There is nothing more fun for a hunter than taking a long road trip with the guys and getting away from it all. The difference between the average ‘getting away from it all’ and a hunter’s ‘getting away from it all’ is that the hunter’s version often times includes a stand and some great harvest stories. This rang true for Dave, Tim and Jason. One week in September they arrived at my front door with weapons in hand and excitement in their eyes. Though it was Dave’s second hunt with us, it was both Tim and Jason’s first time hunting a bear. Dave had acquainted them with what to expect and the basics of our operation and much to the boy’s excitement, we were providing them all with baits that seemed to be jam packed with bruin. The first night came with all guys coming to camp empty handed but Dave letting us know that his bait was just a Bear Highway….they were everywhere! Tim had heard a bear and Jason had yet to have any sign of.

The following night had proven fruitful to both Dave and Tim, taking their trophies earlier in the dusk hours. Jason had heard several sounds around him but had yet to spot. He was fine with that though as the following day was his birthday and he felt that a birthday bear would be that much more fitting.
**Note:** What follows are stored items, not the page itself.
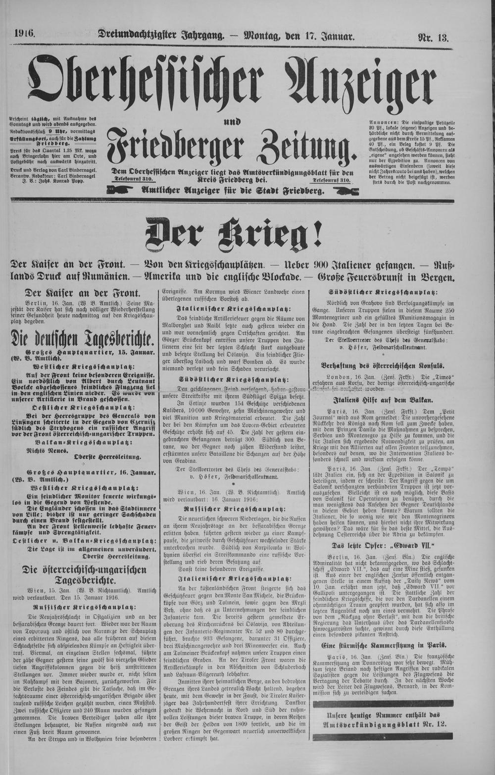 Oberhessischer Anzeiger. 1899-1933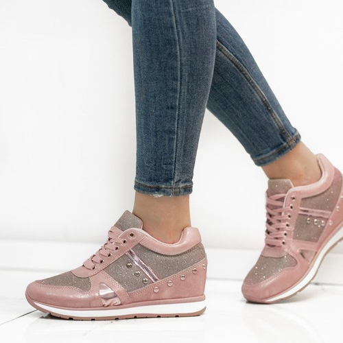 Różowo - złote sportowe buty na krytym koturnie Grina - Obuwie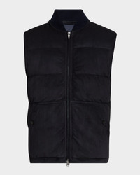 - Brioni vest in quilted suede - Baseball collar - Two-way zip front - Side welt pockets - Sleeveless - Polyester fill - Leather - Dry clean - Made in Italy - Model is 6'1"/185cm.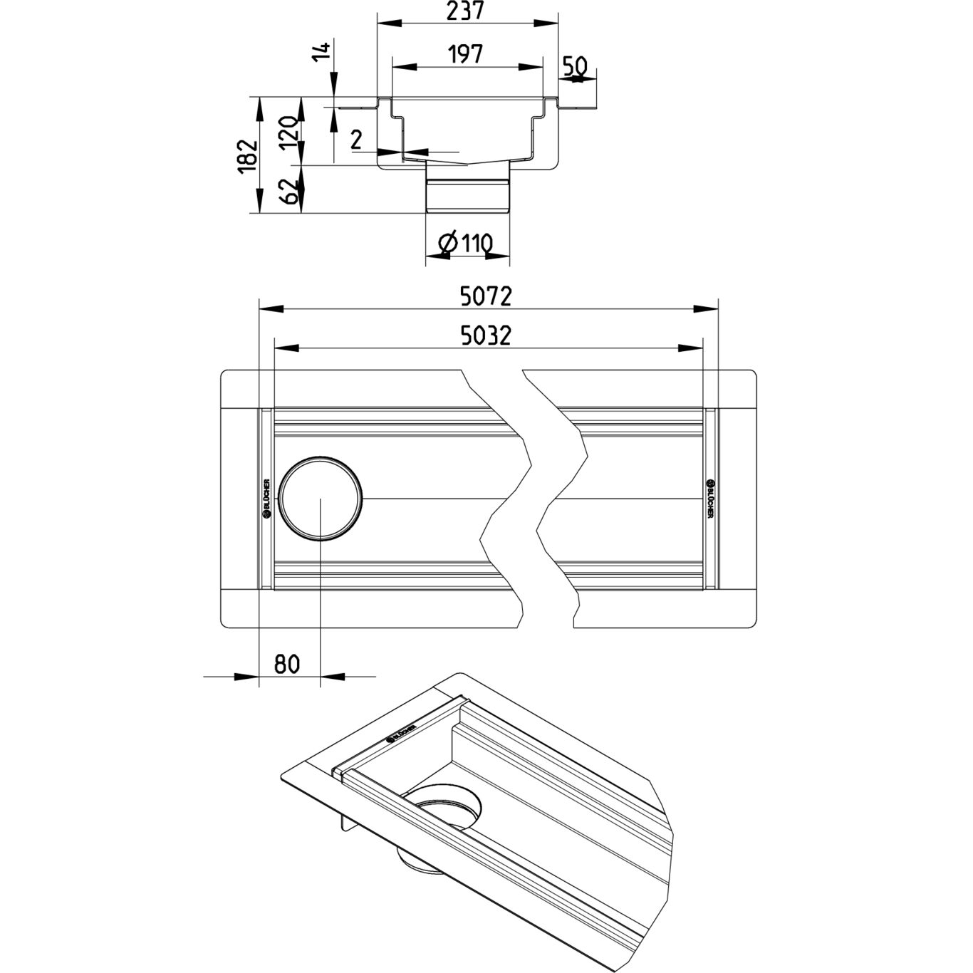 Kanał 200x5000 z odpływem na końcu kanału DN 110, z kołnierzem do izolacji wylewanej, wymiar wewn. 237x5072 mm

The next morning as the boys began to prepare their bears, Jason prepped and began that drive to his stand. Thoughts raced through is head as to what his day would hold and how he was going to handle harvesting that bear.  Early that evening, I spotted the truck pulling in, my heart was wild with anticipation….had he gotten his birthday bear? As Jason emerged, his face was pulled with a frustrated look and the color was drained. “I missed!” was all he said. After a few minutes of silence, Jason filled me in on the adventure. “I was just opening my pb and j and having a bite. I saw a set of ears pop up and slowly put the sandwich on my lap. I lifted my gun just as the bear emerged to my right and he stood and sniffed the air…I think he wanted my sandwich! He dropped and began to lick the tree directly broadside and I fired……the bullet went low and right below. No hit but just hit the ground. I have NO IDEA what happened! The bear took off like a bat out of hell and that was it. I sat for about thirty minutes and had to get out of there. I am so frustrated that I know I couldn’t shoot proper a second time. Tomorrow I am taking my .270.”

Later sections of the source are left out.